Based on the topics we discussed in class, identify the areas in your implementation that could hypothetically see increases in performance if you were to use a different synchronization technique or improved queuing techniques. Explain why you would see those increases.
Do not just restate what the graph is showing. For example,

“We can see that for the extra-small case there is no speedup when the block-size is 2 and threads is equal to 2.”

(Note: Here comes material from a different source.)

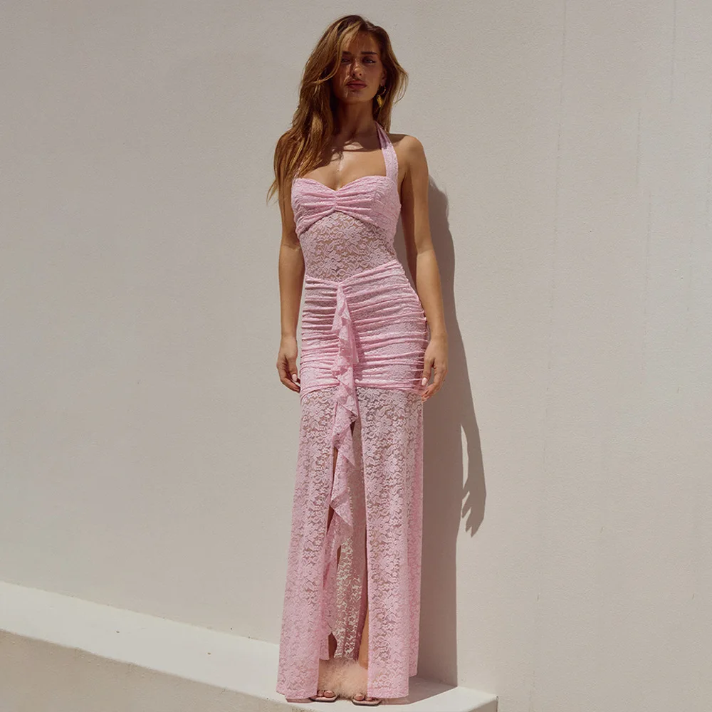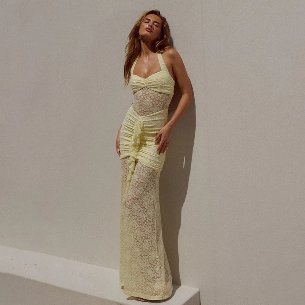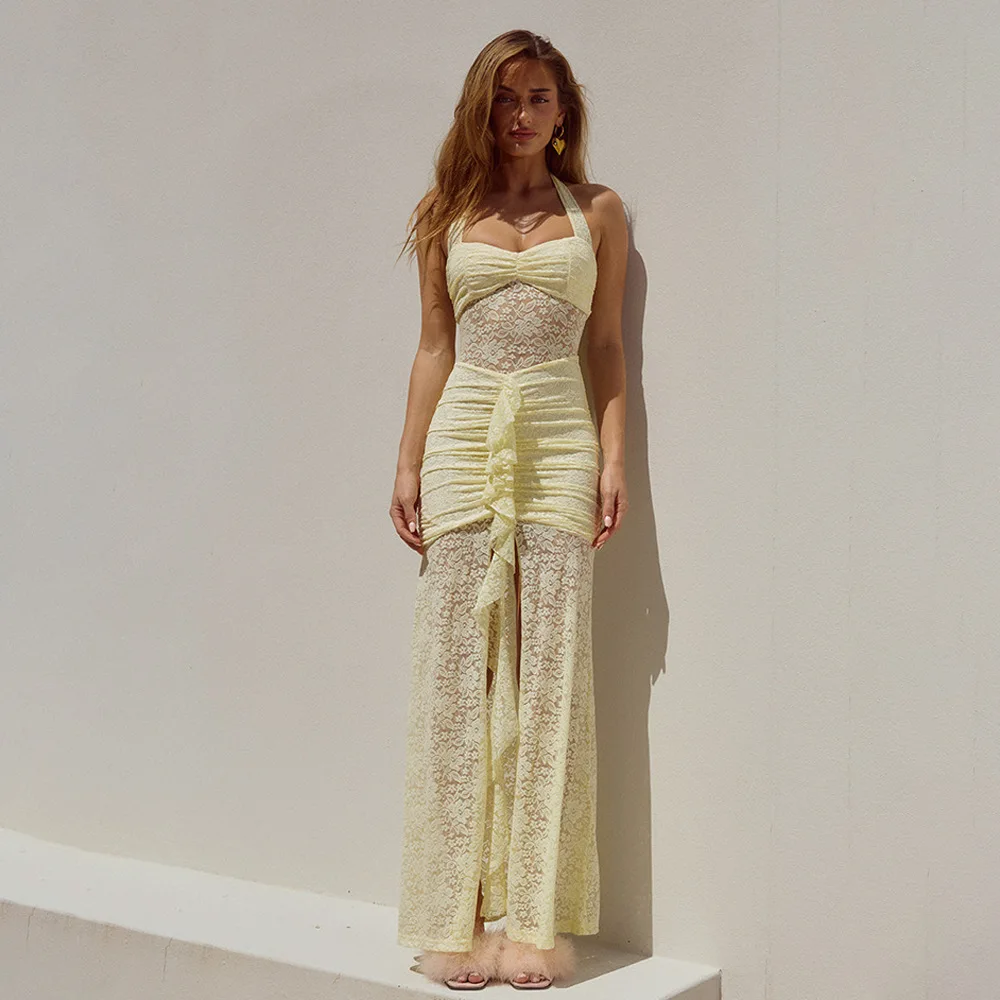 New York’s Fashion Elegant Hanging Collar Lace Double Layer Dress Women 2025 Summer Long Skirt Sexy Sleeveless Backless Slim Evening Dress

Yes that’s obvious from the looking at the graph but make sure you analyze why that is happening. Do not just state the obvious because we can see the graph. We want you to go deeper to try to explain the reasoning why there’s no speedup based on your implementation.
If you are using the precompiled solution because your project #1 does not work then you must answer these additional questions:
- Why do you think your solution does not work properly? What could potentially be the problem if given more time?
- Based on your solution, do you expect your implementation to be similar to the results produced by the pre-complied program?

Grading¶

For this assignment, there are no automated tests and you will be solely graded on your analysis of your report and the script that produces your speedup graphs (i.e., does it actually produce the graphs):

Speedup Graphs & Testing script: 50%
Performance Analysis Writeup: 50%

Submission¶

Before submitting, make sure you’ve added, committed, and pushed all your code to GitHub. You must submit your final work through Gradescope (linked from our Canvas site) in the “Homework #4” assignment page via two ways,

Uploading from Github directly (recommended way): You can link your Github account to your Gradescope account and upload the correct repository based on the homework assignment. When you submit your homework, a pop window will appear. Click on “Github” and then “Connect to Github” to connect your Github account to Gradescope. Once you connect (you will only need to do this once), then you can select the repository you wish to upload and the branch (which should always be “main” or “master”) for this course.
Uploading via a Zip file: You can also upload a zip file of the homework directory. Please make sure you upload the entire directory and keep the initial structure the same as the starter code; otherwise, you run the risk of not passing the automated tests.

A few other notes:

You are allowed to make as many submissions as you want before the deadline.
Please make sure you have read and understood our Late Submission Policy.